Anti-Piracy II: The Trial
Filed under: Action, Box Office, Exhibition, Newsstand
If someone were to actually make a fictionalized action movie based on the MPA's war on piracy, then the sequel might be a good, old-fashioned court drama. Or, maybe it could just be more of the same, considering piracy will never actually go away. Here are some updates from the MPA's ongoing campaign:
- Lawsuits were filed by the MPAA last week against six people accused of selling counterfeit DVDs on eBay. The individuals, who don't seem to be related, as they are all based out of different states, were likely producing decent copies of legitimate discs and selling them cheap to poor suckers. Damages could as high as $150,000 per movie title, per person. This press release is fun because the MPAA has included a little "Buyer Beware" tip list for idiots. For the movie version of these trials, we'd look to last year's The Best of Youth and include a similar courtroom full of innocent, yet mentally unstable victims attempting to communicate the pain felt by being duped. Bootlegs aren't the same as electric shocks, but we'd have to make the audience think it's the same, because that is how importantly the MPAA treats them. Caution: this sequel might be six hours long.

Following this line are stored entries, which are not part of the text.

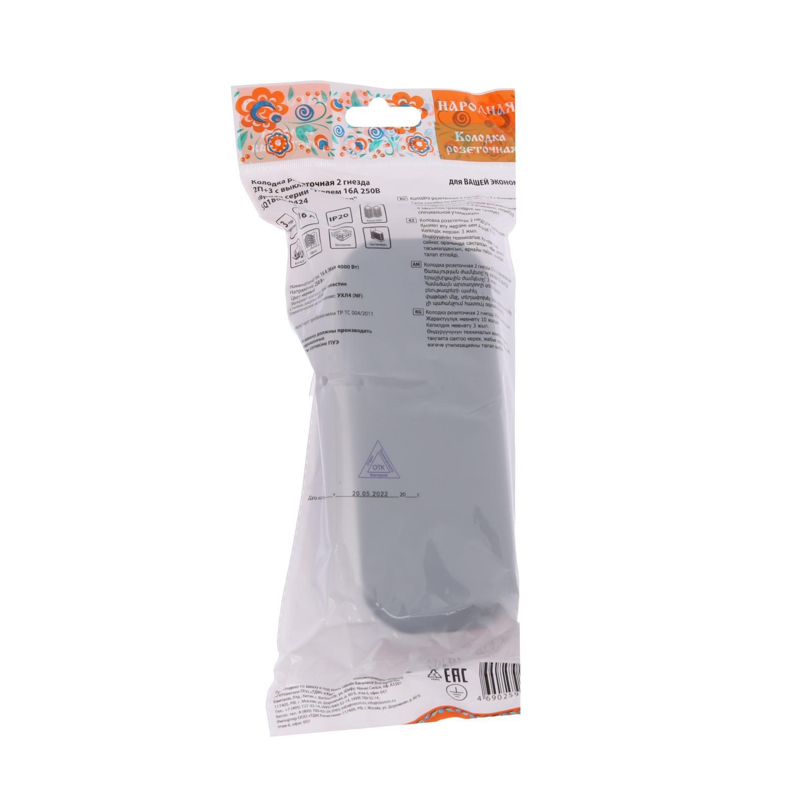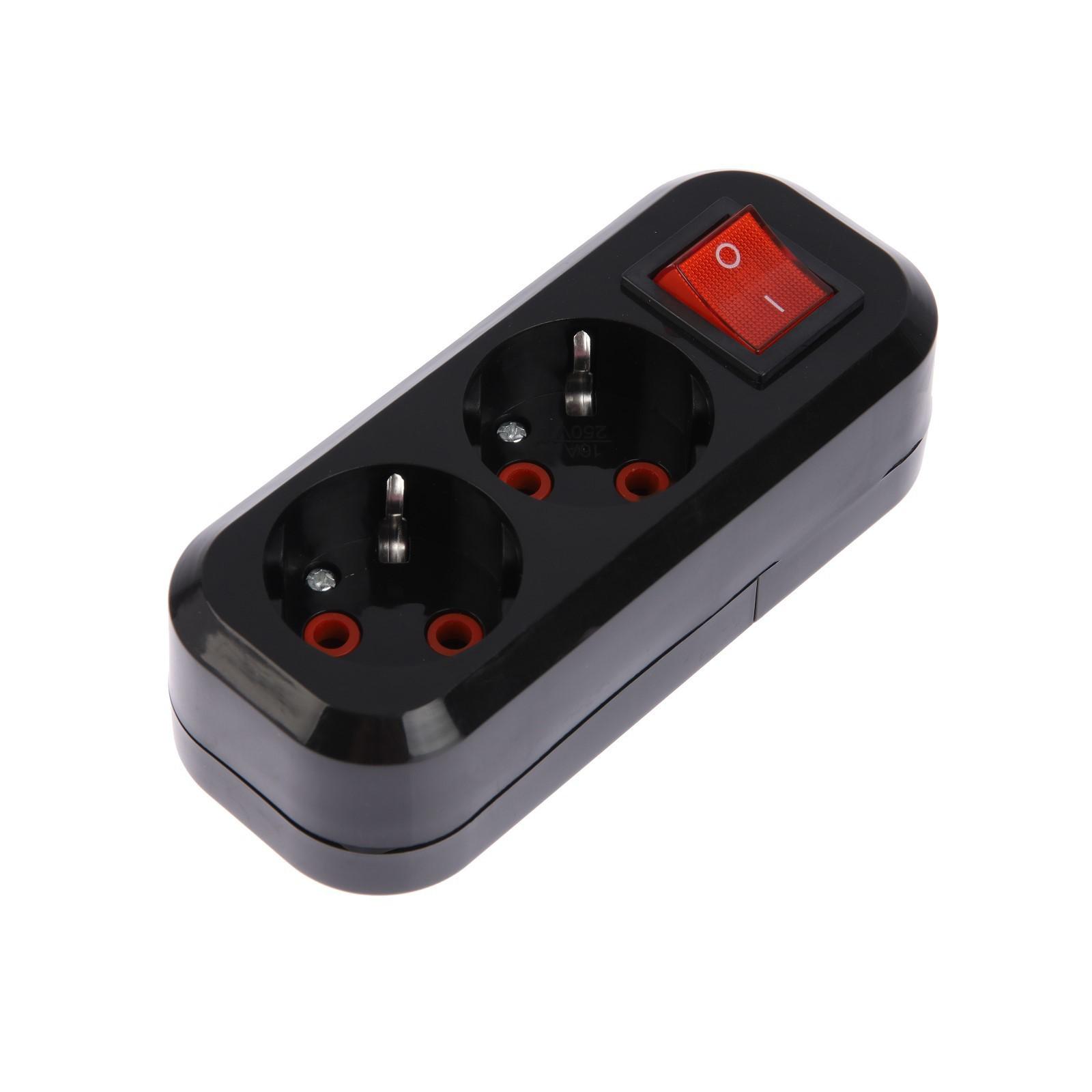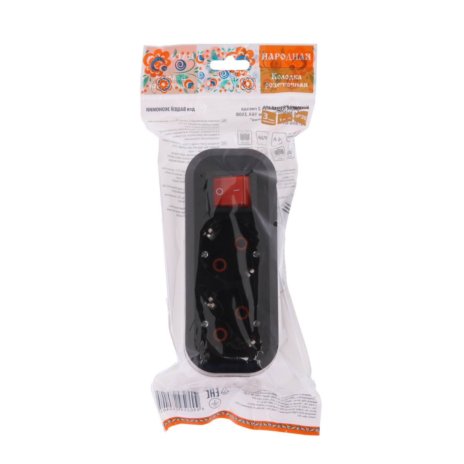 Колодка розеточная TDM "Народная" 2-местная, с/з, с выключателем, 16 А, черная, SQ1806-0424
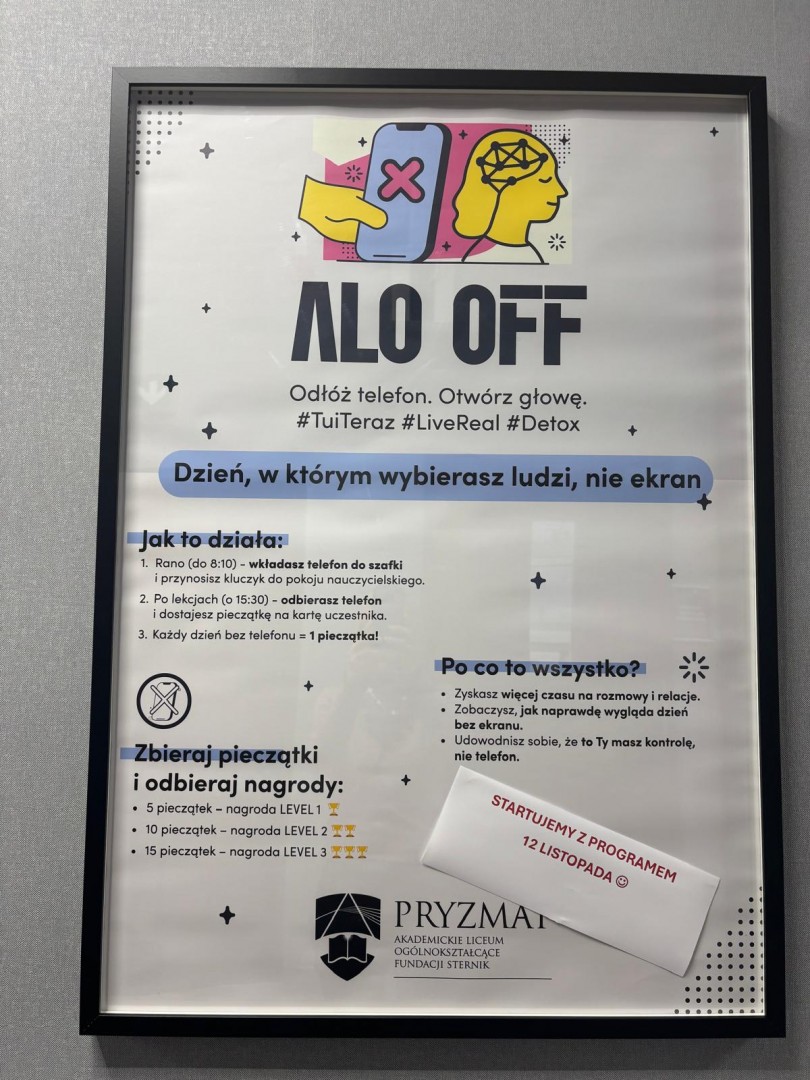 Od dnia 12 listopada funkcjonuje w naszym Liceum nowy program mający w pozytywny sposób zachęcić uczniów do odkładania telefonu na cały dzień spędzony w szkole.
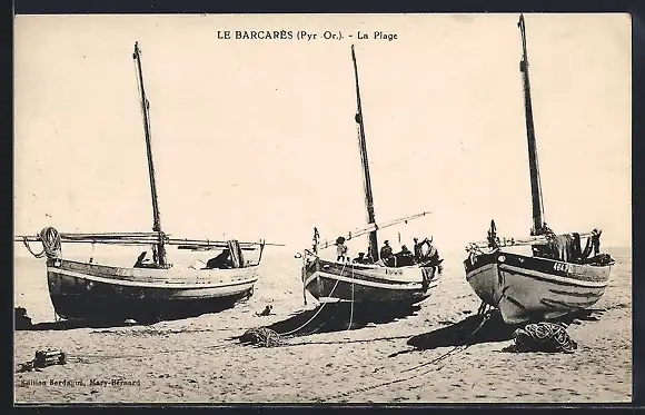 AK Le Barcarès, La Plage avec trois bateaux sur le sable
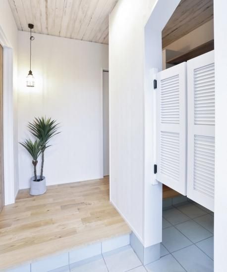 玄関のホワイトのウエスタン扉もアクセント。
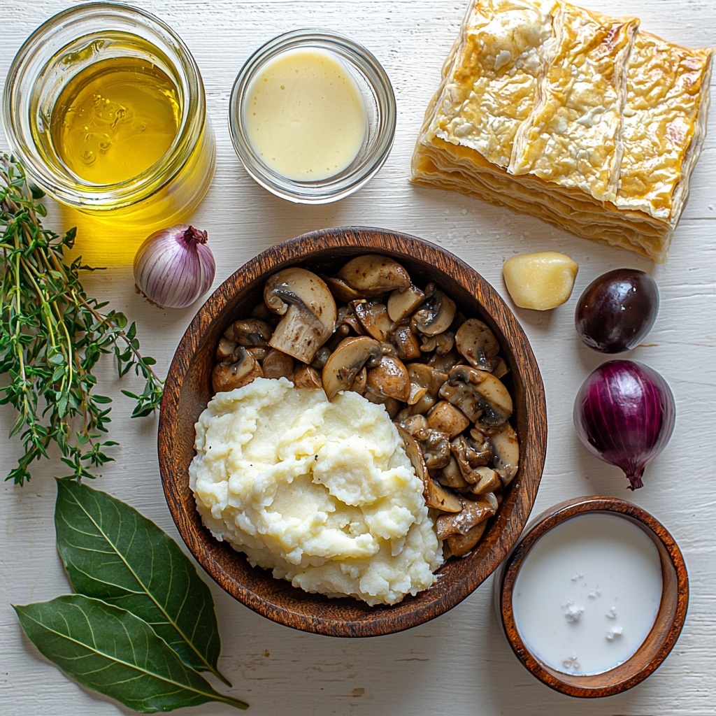 This recipe uses simple, accessible ingredients that come together to create incredible depth and comforting textures. Each element plays a key role, from the aromatic onions to the creamy mashed potatoes and the flaky pastry crust. Let’s talk about what you’ll need and why they matter!
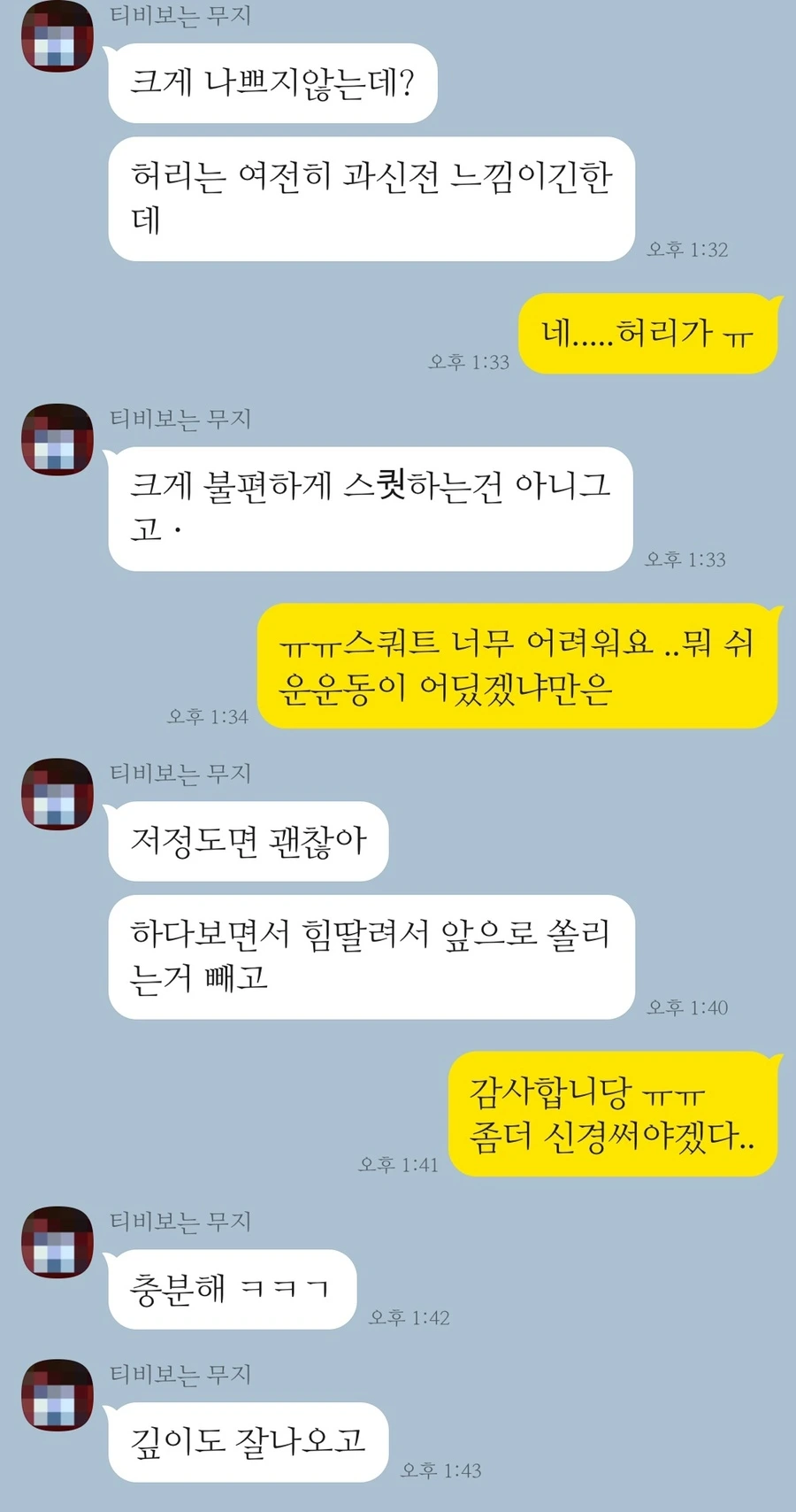 또 주변에 운동을 좋아하고 잘하는(헬창..?) 오빠들의 도움을 많이 얻었다. 내 운동 영상을 보내주고 조언과 팁을 얻었다. 부끄럼쟁이라 영상은 스쾃밖에 찍지 못했다. 다들 어떻게 운동 영상들을 찍는 건지... 난 여전히 운동 영상 찍는 게 부끄러운데....
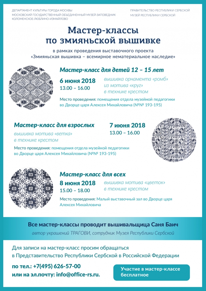 Все мастер-классы проведет вышивальщица Саня Баич, автор украшений «Трагови», сотрудник Музея Республики Сербской. Для записи на мастер-классы обращайтесь в Представительство Республики Сербской в РФ по телефону (495) 626 57 00 или по эл.почте info@office-rs.ru.
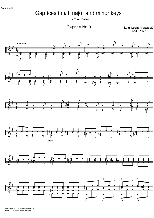 Digital Sheet Music for Caprice No. 3 by Luigi Legnani scored for Guitar; id:328000
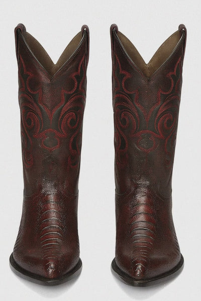The ostrich leg texture is stunning, and the Black Cherry color is even better in person. These boots feel truly premium. – Miguel R.
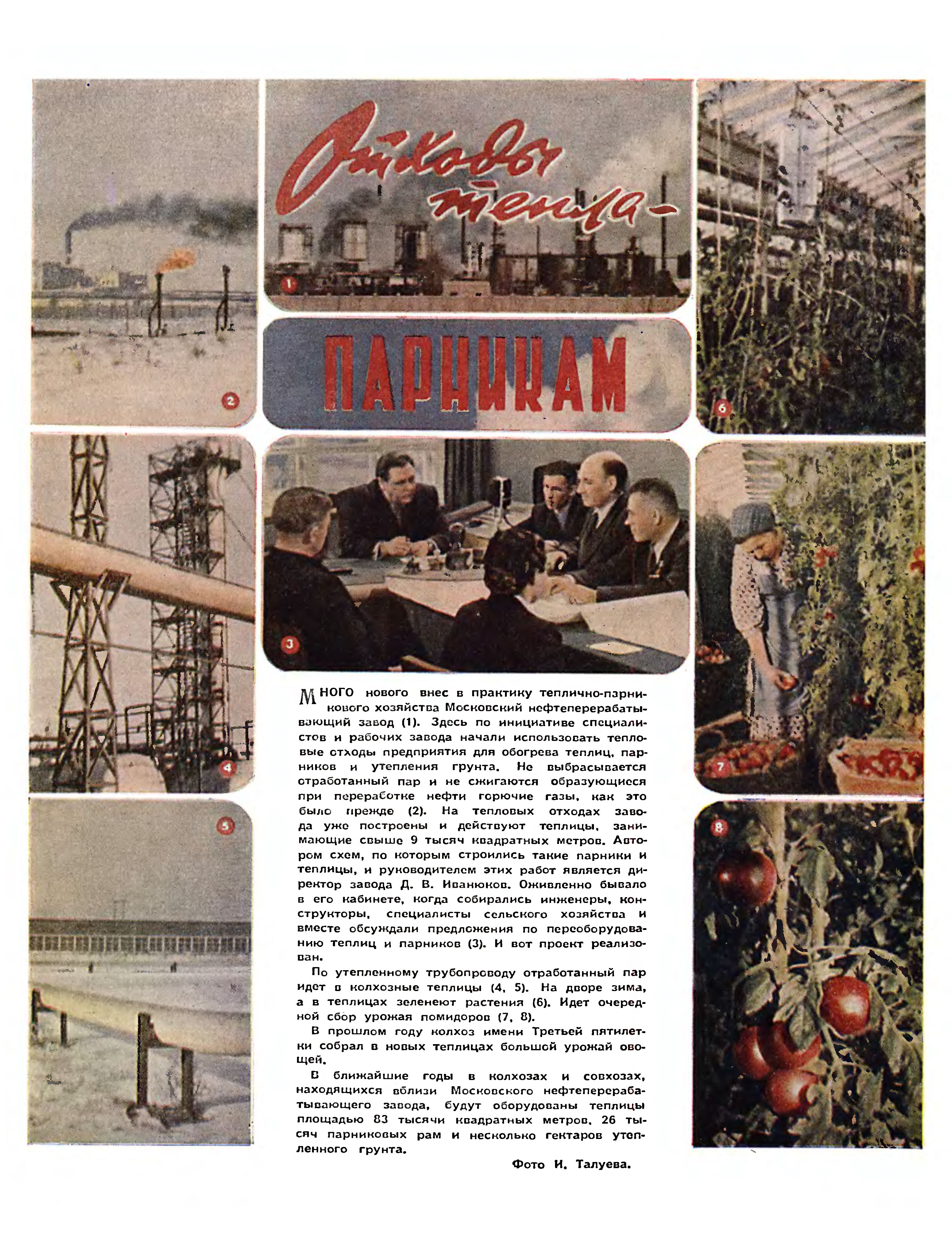 МНОГО нового внес в практику теплично-парникового хозяйства Московский нефтеперерабатывающий завод (1). Здесь по инициативе специалистов и рабочих завода начали использовать тепловые отходы предприятия для обогрева теплиц, парников и утепления грунта. Не выбрасывается отработанный пар и не сжигаются образующиеся при переработке нефти горючие газы, как это было прежде (2). На тепловых отходах завода уже построены и действуют теплицы, занимающие свыше 9 тысяч квадратных метров. Автором схем, по которым строились такие парники и теплицы, и руководителем этих работ является директор завода Д. В. Иванюков. Оживленно бывало в его кабинете, когда собирались инженеры, конструкторы, специалисты сельского хозяйства и вместе обсуждали предложения по переоборудованию теплиц и парников (3). И вот проект реализован.
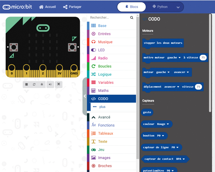 Environnement de programmation en blocs, en Python et en Javascript développé par Microsoft pour la carte micro:bit.
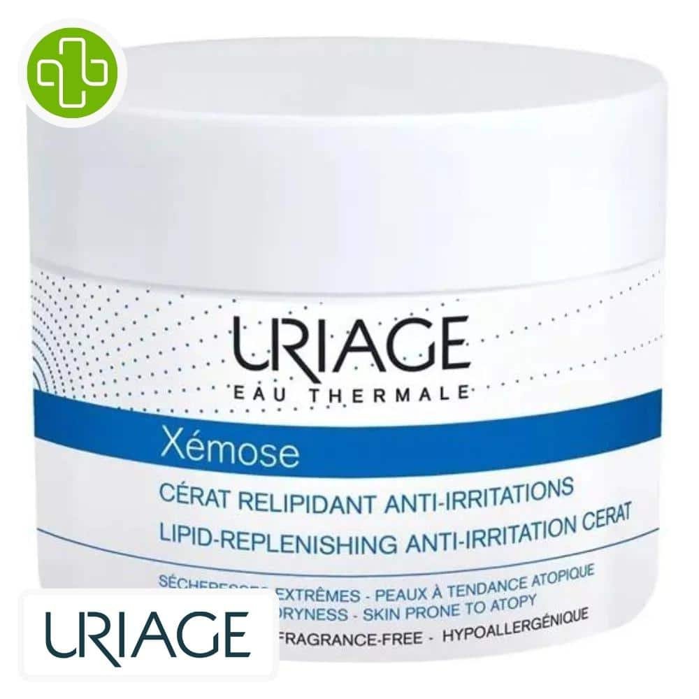 Le XÉMOSE C8+ Cérat Relipidant Anti-irritations est un soin émollient conçu pour répondre aux besoins des peaux très sèches et sujettes aux irritations. Sa formulation spécifique vise à nourrir intensément, apaiser les sensations de démangeaisons et protéger la peau durablement. Il contribue à restaurer la barrière cutanée, jouant un rôle essentiel dans le maintien de l’hydratation et la protection contre les agressions extérieures. Ce cérat est adapté pour une utilisation sur le visage et le corps, chez les bébés, les enfants et les adultes.BénéficesNourrit intensément la peau.Protège la barrière cutanée.Apaise immédiatement les sensations de démangeaisons.Apporte un confort durable.Actifs clésEau Thermale d’Uriage : Contribue à rééquilibrer la barrière microbienne de la peau.Chronoxine : Agit pour une action apaisante immédiate.Cérastérol 2F : Restaure et renforce la barrière cutanée.Complexe TLR2 Regul : Module la barrière de défense innée de la peau.Beurre de Karité (25%) : Ingrédient riche qui nourrit intensément la peau et apporte un confort immédiat.Résultats96% d’efficacité anti-grattage et 98% d’efficacité apaisante. Étude réalisée sous contrôle dermatologique sur 75 bébés et enfants. Application bi-quotidienne de Xémose Crème ou Xémose Cérat pendant 28 jours. Évaluation par le dermatologue.Conseils d’utilisationAppliquer quotidiennement sur une peau propre.Usage externe.

- This past weekend, 14 online auctioneers settled with the New Zealand Federation Against Copyright Theft, on behalf of the MPA, for an undisclosed sum. They also had to agree to stop selling pirated discs. All together, the 14 individuals sold more than 10,000 bootleg DVDs over the past year via New Zealand auction sites. I picture a bit of an anti-climactic ending to the movie version.
- If we wanted to go in sort of the Empire Strikes Back, enemy-wins-this-time direction, we'd follow the trial of Shawn Hogan, a millionaire who is willing to spend as much as it takes to defend himself against the MPAA and their allegations that he shared Meet the Fockers online. He denies this act of piracy and is more interested in clearing his name and fighting the bullying system rather than pay a settlement, which would likely be cheaper for him. We'll have to wait and see what happens, but we could start production without a finished script. Hollywood does it all the time.
- For the more of the same approach, the sequel could focus on last week's raids and seizures by Jakarta Police in Indonesia. They confiscated 520,000 pirated discs and 64 burners in different locations, including the Ratu Plaza shopping mall, which is one of the major outlets for pirated discs in the Asia-Pacific region and therefore the site of constant raids (it was even closed down for much of this year as a result). Reportedly, Indonesia has a piracy rate of 88-percent, which is the highest in the world. Time for Diesel as Glickman to go kick some more ass.
- Though it wouldn't make for a very lengthy film, at least one scene in the sequel would have to concentrate on the police in a Chicago suburb who busted a man recording Miami Vice with a camcorder. AMC Theaters spokespeople couldn't discuss how the man was caught, but the report does mention that a search of the man's home resulted in the finding of 14 burners and more than 500 bootleg DVDs. If the audience was able to watch the bust in the middle of the movie, I imagine that it was ironically more exiting than Michael Mann's snooze fest, which was up on the screen.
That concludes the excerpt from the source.